Email marketing is often cited as the best example of how complex it is to tackle compliance with the different legal requirements around the world. We all know that the United States has an “opt out” permission law in the federal 2003 CAN SPAM Act, and that most of Europe and Asia have more stringent “opt-in” laws, with some of them requiring “double opt-in,” the most stringent form. Your database has to be able to record and recognize with legal certainty the citizenry (not just the geo location at sign up) of the email recipient and address owner.
Canada has been preparing for more than two years to implement their “Fighting Internet And Wireless Spam Act” (usually referred to as the Canadian Anti-Spam Law or CASL – say it like “castle”) A new post on the DMA/Email Experience Council blog, “Understanding CASL” highlights what is required.
Fear that U.S.-based marketers will get snagged by CASL is legitimate. The opt-in permission standard for CASL is more stringent than the standard for CAN SPAM. You must know the citizenry of your email subscribers and customers – or ensure you have permission at the higher standard. That means that every U.S. marketer will need to prepare for higher scrutiny on any records with unknown citizenry.
The other day, I was having a conversation with a marketer at a U.S. company who holds customer events in the U.S. with attendees from all over the world. They use kiosks to gather email address and interest information, and have to think about a matrix of global permission laws in order to collect all the right information to comply with laws around the world. That makes the form longer and denser (not good for response!), and forces inclusion of some unusual questions (like, “Start date of your company’s business”) that are required in some Asian countries. This marketer said they get a lot of “what the?!” responses from people standing at the kiosks – and some mocking tweets. He believes most are good natured, but now plans to take a more localized approach to the sign-up process.

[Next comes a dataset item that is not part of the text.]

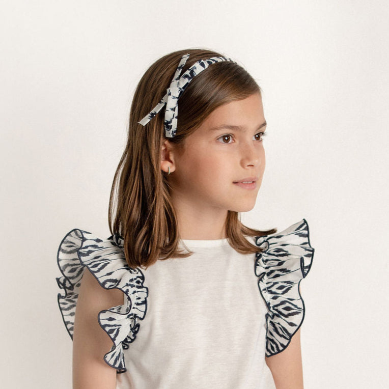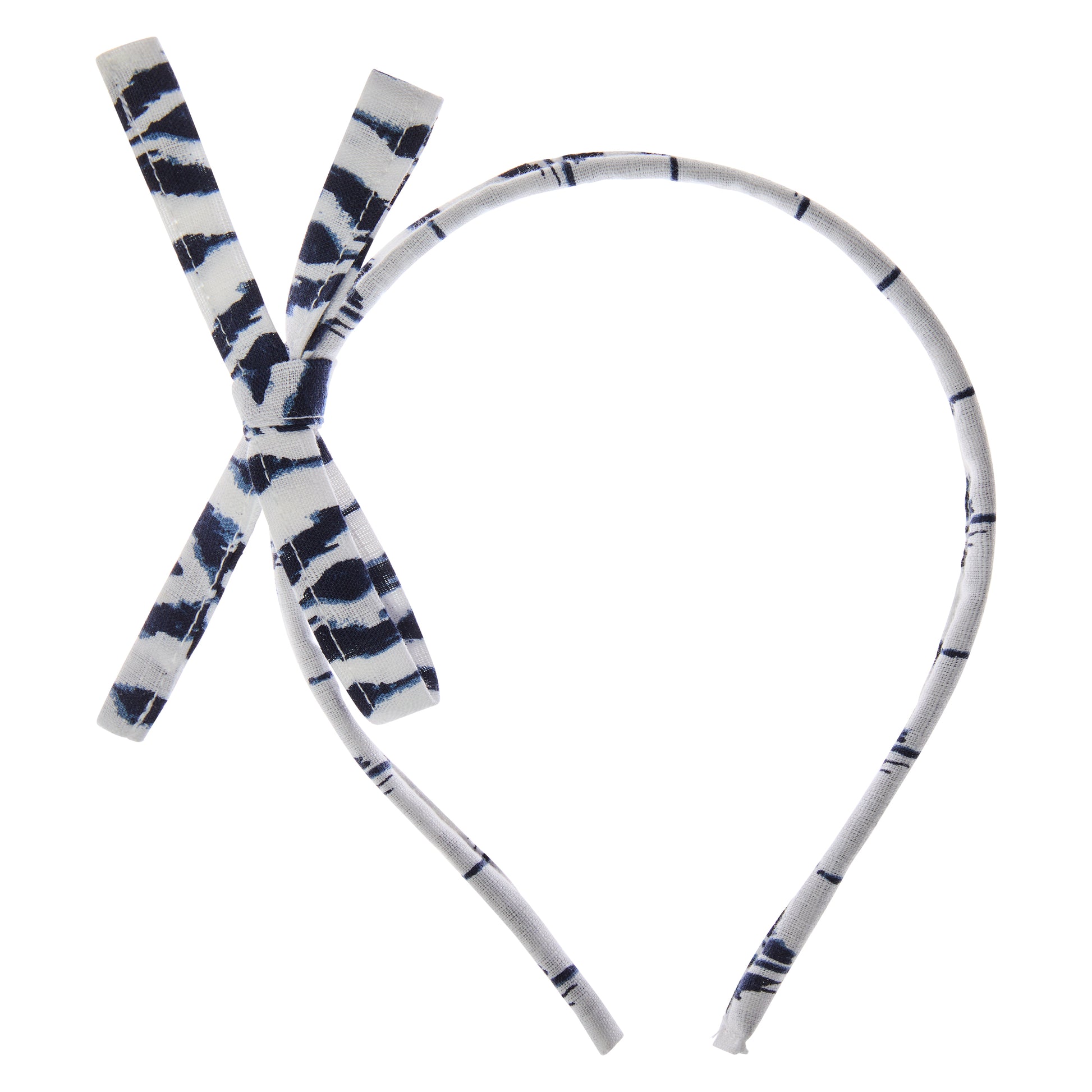 Diadema moño delgado blanco con azul marino rombos y rayas, moño removible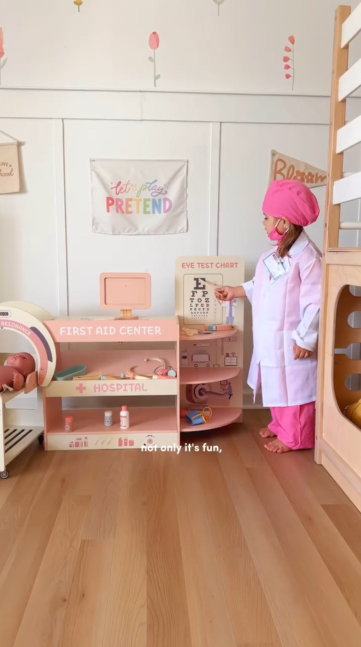 Realistic design with interactive elements – Children can perform eye tests, manage patient records, or view x-rays. The thoughtful design with wooden details creates an authentic doctor's office atmosphere that children will love.

If and when CASL gets passed into law, then not all North Americans will have the same permission standard. Some anti-spam folks think this is a good idea – as it may force some American marketers to upgrade to the more stringent permission standard for all subscribers, just to ensure compliance with CASL.
Permission is a good thing, and the more choice and notice you provide to subscribers, the better. This is outlined clearly in the DMA Ethical Guidelines for our industry. However, permission alone is just a starting point, and does not create relevancy or improve response. Only great, well-timed experiences create relevancy. So, more permission-based legislation is not going to guarantee more satisfying commercial email experiences for subscribers.
Following the matrix of global laws for data-driven marketing gets complex. Be sure you are reviewing the DMA Guidelines with your attorneys and privacy people to ensure compliance, and good business practices.
NOTE: The author is not an attorney and DMA does not provide legal advice. Always consult with counsel on any legal or compliance question.